**Supplied material**
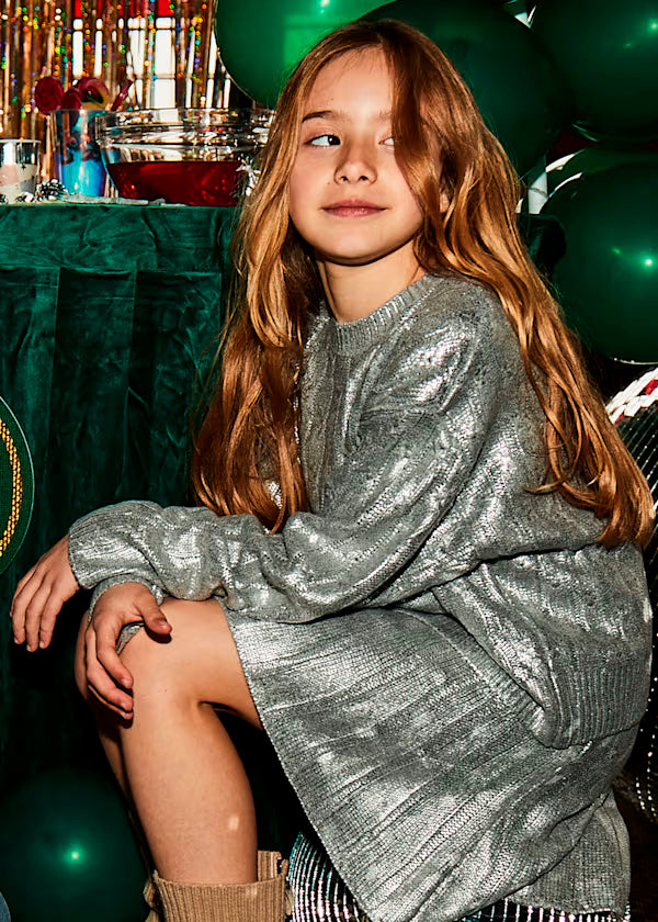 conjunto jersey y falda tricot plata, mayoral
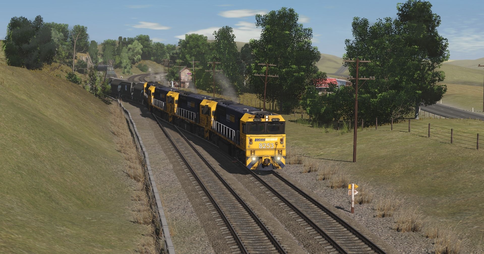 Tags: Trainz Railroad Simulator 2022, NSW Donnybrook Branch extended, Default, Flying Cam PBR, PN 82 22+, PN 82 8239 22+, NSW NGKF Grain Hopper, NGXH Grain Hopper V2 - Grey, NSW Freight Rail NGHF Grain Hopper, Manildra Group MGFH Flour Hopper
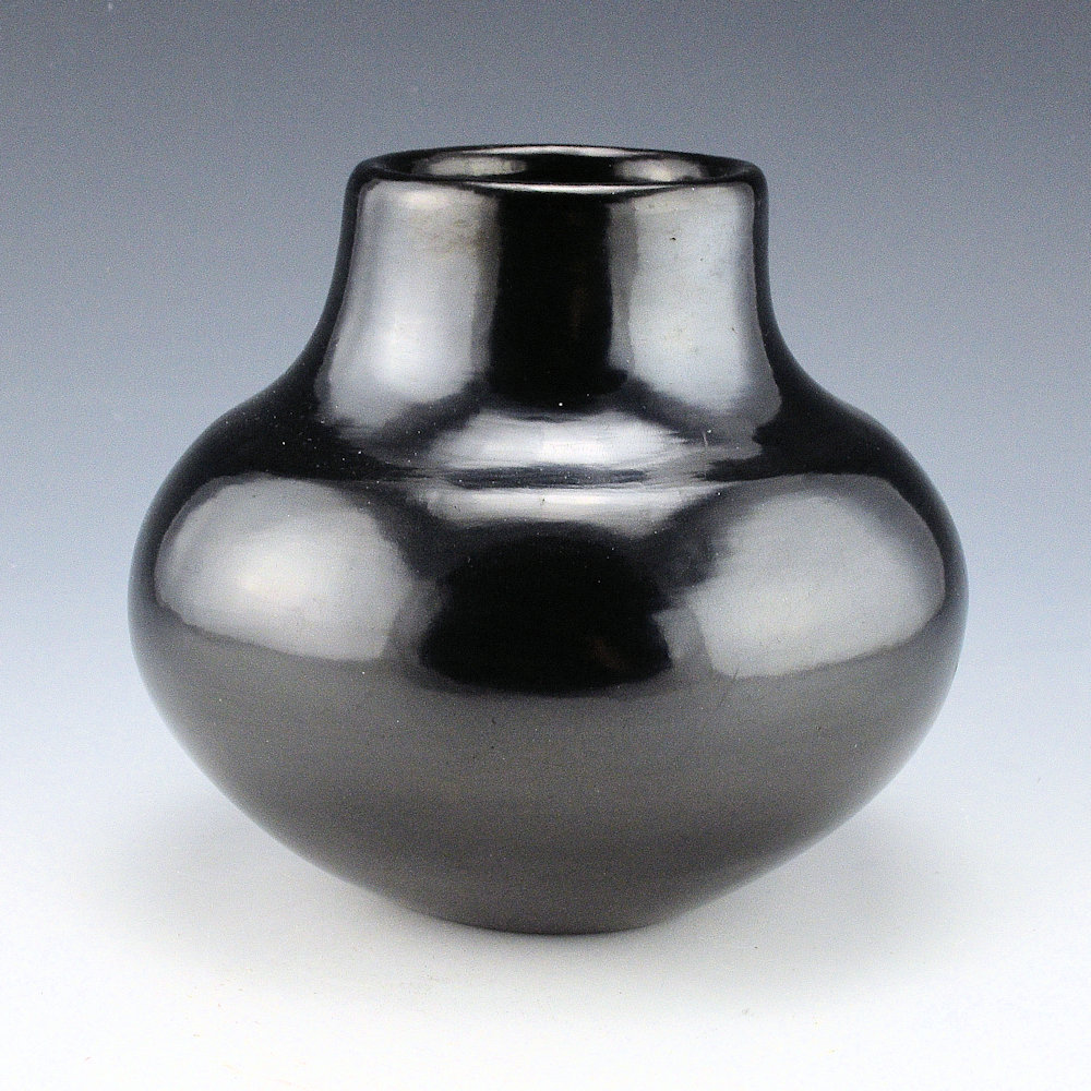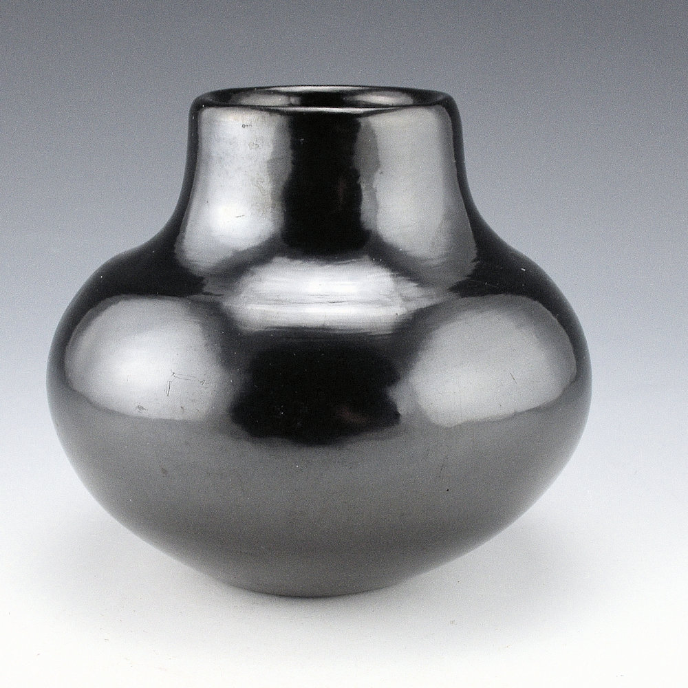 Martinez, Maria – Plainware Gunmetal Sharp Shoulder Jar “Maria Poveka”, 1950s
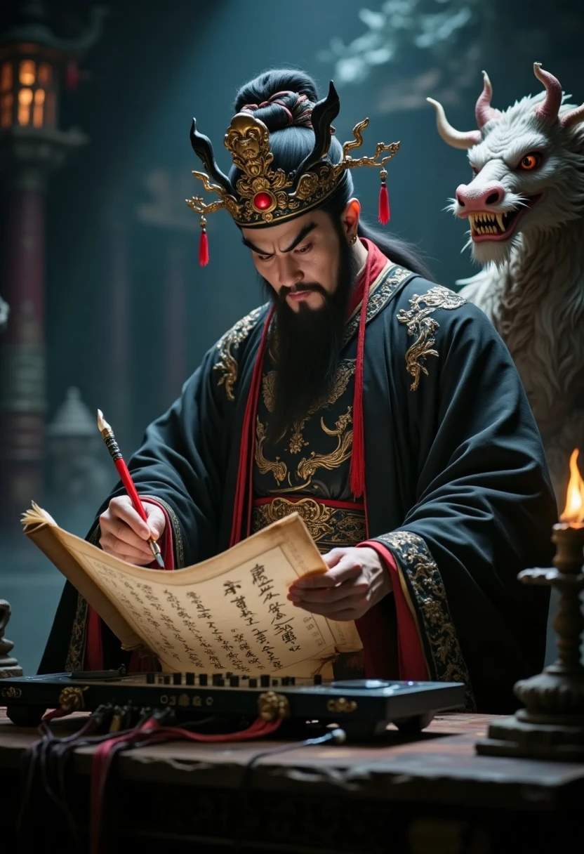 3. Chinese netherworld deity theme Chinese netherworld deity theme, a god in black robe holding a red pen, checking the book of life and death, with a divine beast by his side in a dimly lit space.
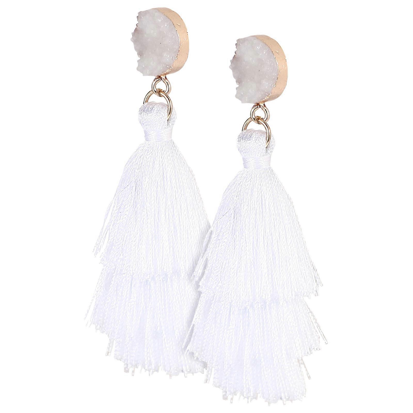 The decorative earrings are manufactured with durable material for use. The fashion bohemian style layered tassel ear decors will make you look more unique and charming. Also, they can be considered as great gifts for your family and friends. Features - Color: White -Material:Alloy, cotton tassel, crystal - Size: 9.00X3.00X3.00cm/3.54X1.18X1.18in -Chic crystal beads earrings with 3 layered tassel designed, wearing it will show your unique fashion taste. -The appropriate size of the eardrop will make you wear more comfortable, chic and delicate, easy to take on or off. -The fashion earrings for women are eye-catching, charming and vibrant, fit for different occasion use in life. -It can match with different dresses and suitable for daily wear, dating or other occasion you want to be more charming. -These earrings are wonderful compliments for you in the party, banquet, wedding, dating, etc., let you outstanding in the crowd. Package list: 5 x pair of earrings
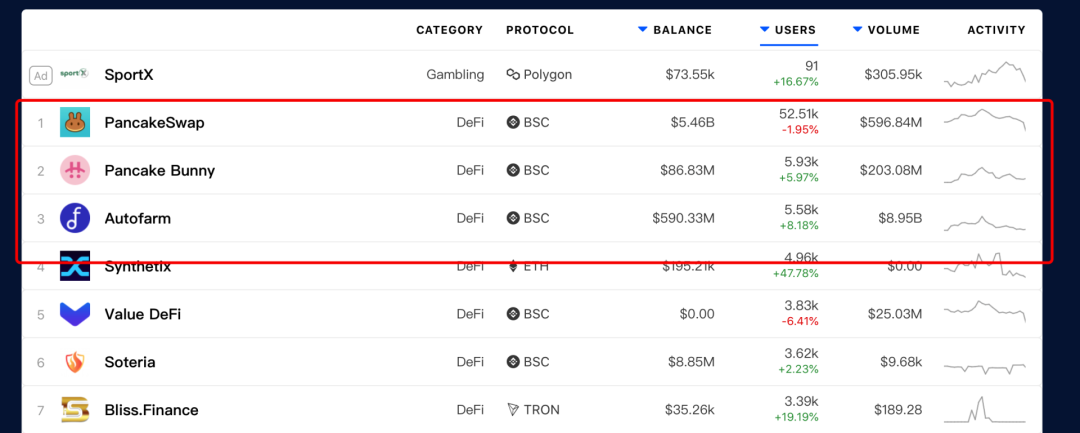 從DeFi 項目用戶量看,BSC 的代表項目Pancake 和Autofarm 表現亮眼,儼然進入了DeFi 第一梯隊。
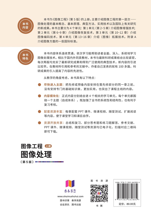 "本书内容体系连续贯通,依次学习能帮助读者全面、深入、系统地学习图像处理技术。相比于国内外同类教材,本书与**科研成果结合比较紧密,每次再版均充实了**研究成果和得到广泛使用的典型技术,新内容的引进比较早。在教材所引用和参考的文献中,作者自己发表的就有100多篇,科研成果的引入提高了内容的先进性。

**Your instructions**
Transcribe the entries above verbatim, excluding any image.

**Answer section**
 conjunto jersey y falda tricot plata, mayoral
 Tags: Trainz Railroad Simulator 2022, NSW Donnybrook Branch extended, Default, Flying Cam PBR, PN 82 22+, PN 82 8239 22+, NSW NGKF Grain Hopper, NGXH Grain Hopper V2 - Grey, NSW Freight Rail NGHF Grain Hopper, Manildra Group MGFH Flour Hopper
 Martinez, Maria – Plainware Gunmetal Sharp Shoulder Jar “Maria Poveka”, 1950s
 3. Chinese netherworld deity theme Chinese netherworld deity theme, a god in black robe holding a red pen, checking the book of life and death, with a divine beast by his side in a dimly lit space.
 The decorative earrings are manufactured with durable material for use. The fashion bohemian style layered tassel ear decors will make you look more unique and charming. Also, they can be considered as great gifts for your family and friends. Features - Color: White -Material:Alloy, cotton tassel, crystal - Size: 9.00X3.00X3.00cm/3.54X1.18X1.18in -Chic crystal beads earrings with 3 layered tassel designed, wearing it will show your unique fashion taste. -The appropriate size of the eardrop will make you wear more comfortable, chic and delicate, easy to take on or off. -The fashion earrings for women are eye-catching, charming and vibrant, fit for different occasion use in life. -It can match with different dresses and suitable for daily wear, dating or other occasion you want to be more charming. -These earrings are wonderful compliments for you in the party, banquet, wedding, dating, etc., let you outstanding in the crowd. Package list: 5 x pair of earrings
 從DeFi 項目用戶量看,BSC 的代表項目Pancake 和Autofarm 表現亮眼,儼然進入了DeFi 第一梯隊。
 "本书内容体系连续贯通,依次学习能帮助读者全面、深入、系统地学习图像处理技术。相比于国内外同类教材,本书与**科研成果结合比较紧密,每次再版均充实了**研究成果和得到广泛使用的典型技术,新内容的引进比较早。在教材所引用和参考的文献中,作者自己发表的就有100多篇,科研成果的引入提高了内容的先进性。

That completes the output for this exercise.